» What to work on
Set down exactly the lines running from the one with "上半年GDP增速 渝居首遼墊底" to the last line of the listing below, both included, and skip every picture.

Information supplied below:

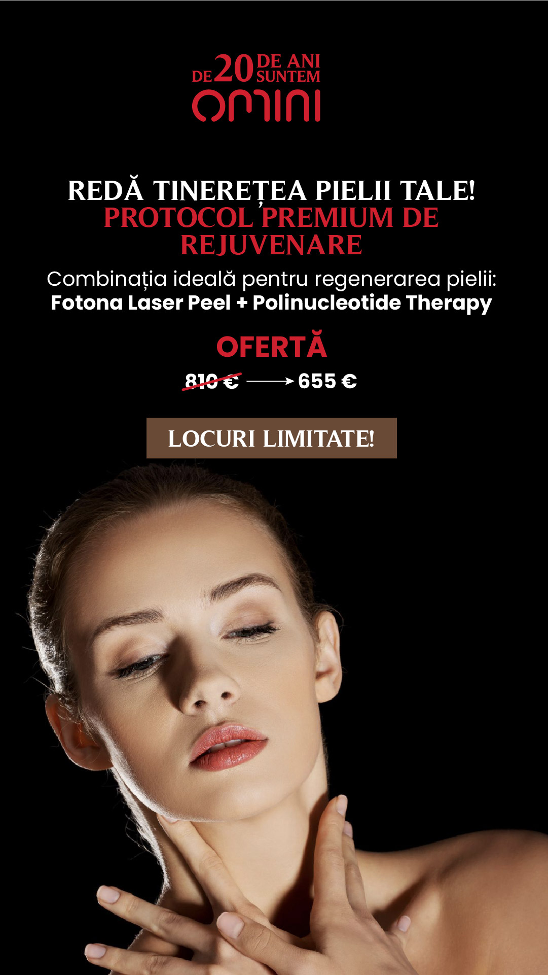 Descoperă un protocol inovator de regenerare a pielii, conceput pentru a reda tenului fermitatea, luminozitatea și aspectul tânăr. Tratamentul combină tehnologia Fotona Laser Peel cu terapia cu polinucleotide, o metodă modernă de biostimulare celulară.
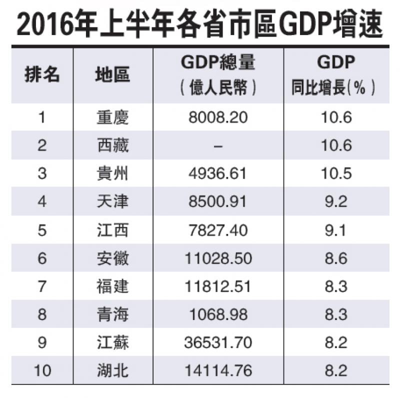 上半年GDP增速 渝居首遼墊底
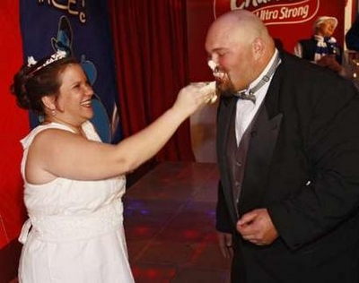新娘穿的潔白婚紗是用數(shù)卷廁紙精制而成,由本年度廁紙結(jié)婚禮服比賽冠軍哈納•金設(shè)計(jì)。廉宜時(shí)髦結(jié)婚公司對(duì)本次婚禮提供了贊助。

End of Information supplied.

» Response to the exercise
 上半年GDP增速 渝居首遼墊底
新娘穿的潔白婚紗是用數(shù)卷廁紙精制而成,由本年度廁紙結(jié)婚禮服比賽冠軍哈納•金設(shè)計(jì)。廉宜時(shí)髦結(jié)婚公司對(duì)本次婚禮提供了贊助。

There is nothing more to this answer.